Test-Retest Reliability. We assessed the test–retest reliability of the I-PRRS-Ch scale using the Intraclass Correlation Coefficient (ICC) based on a 2-way random-effects model for single measures (ICC 3,1). This approach accounts for both the random variability among participants and the fixed nature of the measurement methods. An ICC value of 0.75 or above is interpreted as indicating excellent reliability [26]. Values ranging from 0.60 to 0.75 suggest good reliability, while values between 0.40 and 0.59 indicate fair reliability [26].
We calculated the standard error of measurement (SEM) and the minimal detectable change (MDC). The SEM quantifies the error inherent in a test score, estimating the variability in a person’s observed scores due to measurement error. It was calculated using the total variance between the first and second measurements and the ICC [27]. The smaller SEM indicates the greater reliability of the measurement. The MDC represents the smallest change in a score that can be interpreted as a real change, beyond the margin of measurement error. It helps determine whether a score change is meaningful or attributable to an error. The MDC was calculated by multiplying the SEM by 1.96 (for 95% confidence) and the square root of 2.
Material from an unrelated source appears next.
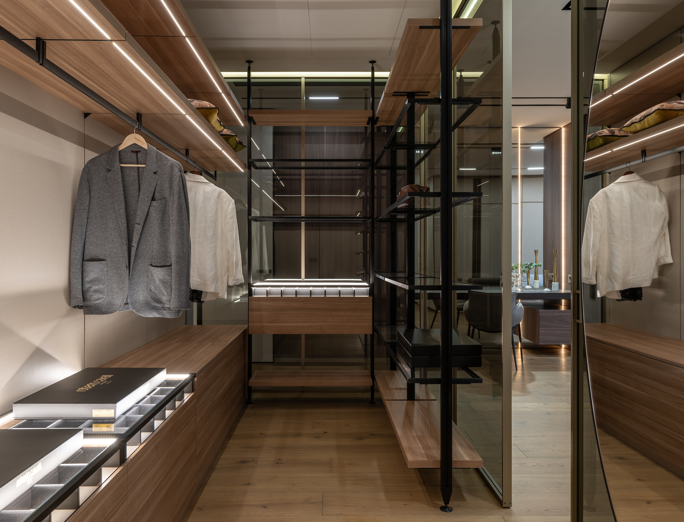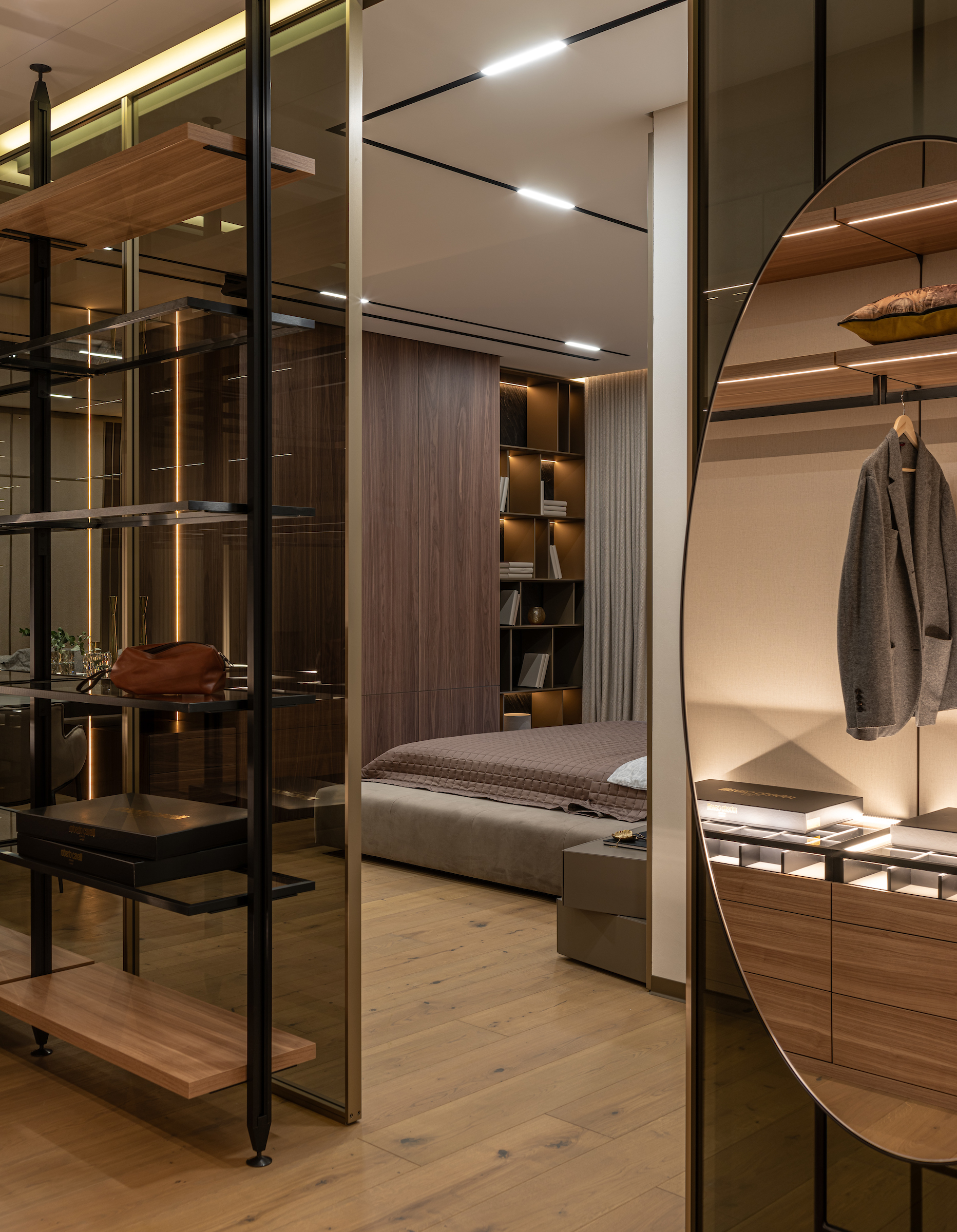 Стеклянная гардеробная комната с раздвижной системой, интегрированная в пространство мастер-спальни. Прозрачные фасады сохраняют легкость интерьера и визуально не перегружают пространство.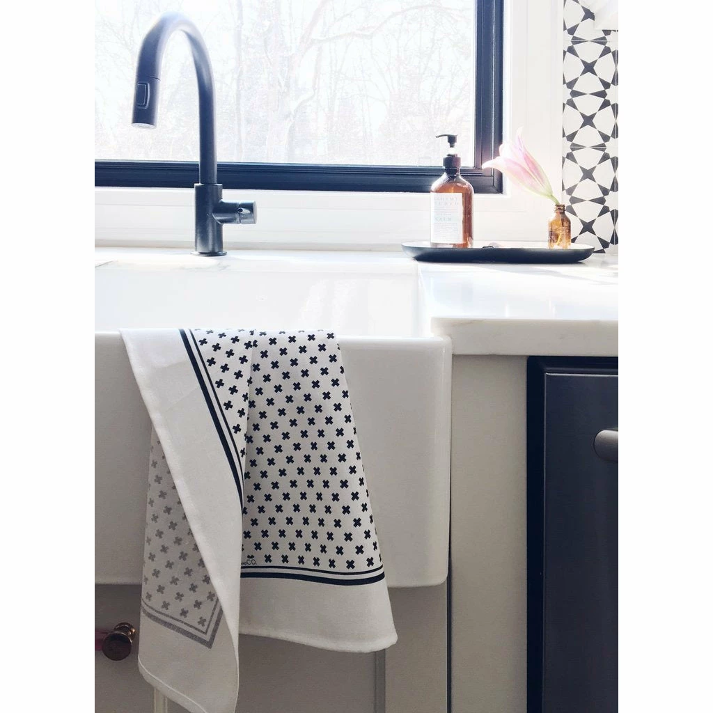 These towels are screen printed in Sweden with vegetable based dyes and are designed in Toronto, Canada. The towels are a mid-weight 50/50 cotton-linen blend. This blend allows the towel to soften over time naturally while maintaining durability and absorbency. With a convenient hook sewn into the top and a generous size, this isn’t just a pretty kitchen accessory- it will work hard too!

Composite Reliability and Convergent Validity. To evaluate the reliability and convergent validity, we employed SmartPLS (version 4). Partial least squares structural equation modeling (PLS-SEM) was chosen for several reasons. First, the translated I-PRRS-Ch questionnaire is a uni-dimensional scale. Given this simplicity in structure, PLS-SEM was a practical choice for validating the scale’s factorial validity. Second, PLS-SEM involves evaluating the measurement model, which is comparable to conducting a CFA. Since the questionnaire is uni-dimensional, CFA was used to confirm that all items measure the same underlying construct. Additionally, CFA helped evaluate the scale’s psychometric properties, including reliability through factor loadings, Cronbach’s alpha, CR, and convergent validity via average variance extracted (AVE). Lastly, PLS-SEM is particularly advantageous in situations with smaller sample sizes, as it does not impose strict requirements on sample size or data distribution [28].
Concurrent Validity. Concurrent validity was evaluated through the calculation of a Pearson product-moment correlation coefficient between the I-PRRS-Ch scale and the SC-TSK. Correlation coefficients exceeding 0.6 were categorized as high, those within the 0.3–0.6 range were classified as moderate, and values below 0.3 were deemed to be low [29]. The flowchart outlining the validity and reliability process is presented in Fig. 2.
Results
Content validity
The panel, which includes two sport psychologists with 16 and 28 years of experience and a coach with 15 years of experience, examined the translated version against the original to identify any discrepancies, which were resolved through discussion. It also invited the creator of the I-PRRS scale to review the backward-translated version for accuracy. Following the creator’s suggestions, revisions were made to adapt certain items to the Chinese cultural context. For example, to avoid subjective interpretation, the phrase “100% effort” was retained over “give my best” in the third item. Moreover, for clarity and to prompt a numerical response in the fourth item, the sentence “I won’t be distracted by focusing on my injury” was rephrased as “After returning to sport, my attention will not be diverted by my injury.”
Face validity
The pilot survey results showed that the respondents could complete the questionnaire in 2–3 min. Table 1 presents the demographics of the pilot study participants.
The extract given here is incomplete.